The Soundex algorithm provides a way to search for terms that "sound alike". This is accomplished by encoding each term with a value. Words that have similar pronunciation will be encoded with the same value. This is a simple matching algorithm and does not account for misspellings, typos and other such common user errors. However, this model can be extended to account for those errors in a similar fashion.
MongoDB provides an easy and convenient method of implementing this type of search. For each field that needs to be queried via Soundex matching, simply encode the field values and store them in an array in the document. An index on this array can then support fast and efficient queries in a flexible manner. The array can contain encoded values from any number of fields at any level of embedding. This prevents the need to create and manage numerous compound indexes on several fields to support efficient querying. This is particularly important as the application requirements and document schema changes in the future.
The easiest and most performant way to accomplish this would be to change the application code to encode and update the soundex array values when updating any of the soundex source field values. Another approach would be to use MongoDB Change Streams to listen for updates in real time that would subsequently update the soundex array. Finally a bulk update query could also be used to update the soundex array in all of the documents at the same time. This is the approach taken by this implementation. However, this is the least performant approach and should only be used on relatively small collections.

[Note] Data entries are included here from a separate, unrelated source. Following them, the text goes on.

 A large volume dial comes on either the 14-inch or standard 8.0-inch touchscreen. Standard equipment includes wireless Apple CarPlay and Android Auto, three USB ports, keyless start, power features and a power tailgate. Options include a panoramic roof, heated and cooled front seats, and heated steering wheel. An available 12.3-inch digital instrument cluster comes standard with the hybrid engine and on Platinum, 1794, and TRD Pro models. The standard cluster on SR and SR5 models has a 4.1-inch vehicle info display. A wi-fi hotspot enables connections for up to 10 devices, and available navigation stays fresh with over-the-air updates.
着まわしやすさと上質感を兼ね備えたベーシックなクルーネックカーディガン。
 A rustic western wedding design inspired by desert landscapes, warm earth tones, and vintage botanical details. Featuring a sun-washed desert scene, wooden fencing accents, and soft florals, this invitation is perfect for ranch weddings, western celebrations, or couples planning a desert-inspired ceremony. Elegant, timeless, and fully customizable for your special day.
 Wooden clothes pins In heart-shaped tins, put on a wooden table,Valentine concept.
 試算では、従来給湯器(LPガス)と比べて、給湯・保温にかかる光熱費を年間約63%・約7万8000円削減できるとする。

The Soundex encoding for "Mississippi" is "M221". This is the value that would be stored in the array. If the user did not know how to spell Mississippi, then a common error would be to search for common misspellings such as "Misisipi". The Soundex encoding for "Misisipi" is also "M221". So when querying given that predicate, the application would query for documents with a soundex array containing "M221". It is also worth noting that Soundex is case insensitive.
{
"addresses": [
{
...
"state": "Mississippi",
...
}
],
"soundex": [ "M221", … ]
}
The implementation for this demo is a simple Java 1.8 console application. It provides the following features:
- Build encoded soundex array values from multiple source fields
- Build the index on the soundex array field
- Query the soundex array using $in matching with the specified predicates
The application uses the gradle build system. It will automatically download all necessary dependent libraries. To build use the appropriate provided gradle wrapper:
Linux/Mac
./gradlew build
Windows
gradlew.bat build
After building, the compiled Java JAR file will be located here:
build/libs/fuzzy_search.jar
The JAR is "fat" and contains all of the dependent libraries. It is not necessary to modify the Java class path or provide it on the command line. Execute the jar file as follows:
java -jar /fuzzy_search.jar
Here is a full example that: Builds Soundex encodings for the "name.name" and "name.firstName" fields Creates the soundex array index (if not already present) Queries for matches using the predicate "John" on the database fcci and collection cmch.

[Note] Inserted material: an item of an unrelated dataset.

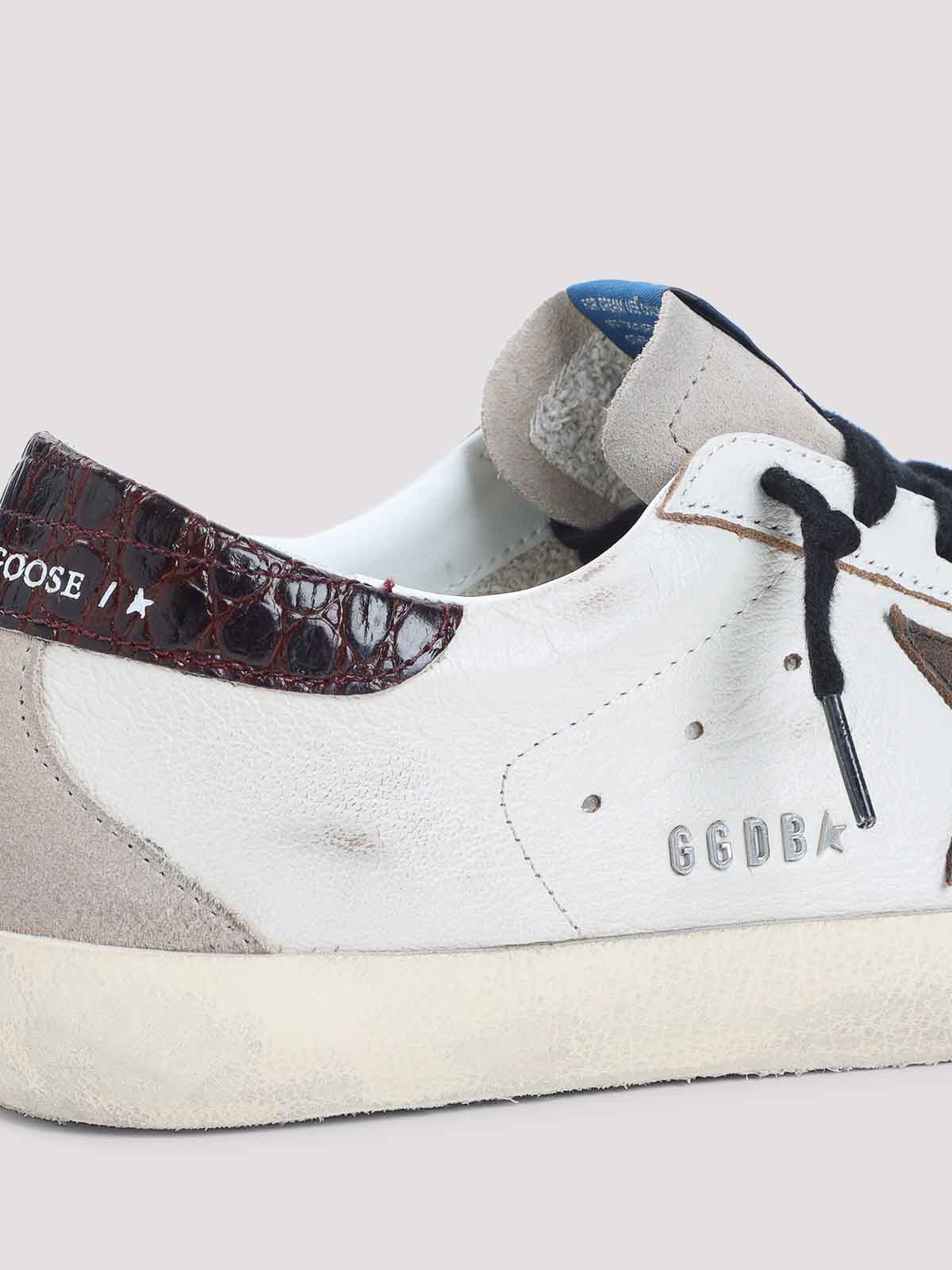 Baskets superstar en cuir de chèvre blanc d'oie doré. Confectionnées en cuir de chèvre et cuir de vachette mélangés. Bout rond, fermeture à lacets noire contrastante sur le dessus, logo bleu sur la languette, détail en étoile emblématique marron sur le côté, logo en lettres métalliques argentées sur le côté, détails perforés sur la partie supérieure, détail marron au dos avec logo en lettres blanches contrastées, détails gris sur la partie supérieure, semelle beige.

java -jar build/libs/fuzzy_search.jar \
--uri mongodb://localhost:27017 \
-b="name.name" -b="name.firstName" \
-s=John -i -d fcci -c cmch
Multiple options can be combined together in any order. Most options have default values. Print out the usage information using the -h option for further information.
Option | Description |
---|---|
-h | Print out help and usage information |
-v | Print out version information |
--uri | Valid MongoDB connection string |
-d | Database name - Required if database name not specified in connection string |
-c | Collection name |
-b | Soundex field name - Format: "field.field2" where field is an array and field2 is the field in the subdocument elements of the array. Specify -b multiple times, once for each field that need soundex values encoded |
-i | Build index on soundex array |
-s | Query predicate - Query soundex array for provided predicate. The predicate will be encoded by the application. Multiple predicates can be specified by using -s option multiple times. They will be combined using the $in operator which effectively operates as a logical OR. |
- MongoDB Synchronous Java Driver version 3.10.1
- Apache Commons Codec version 1.13
- picocli version 3.8.2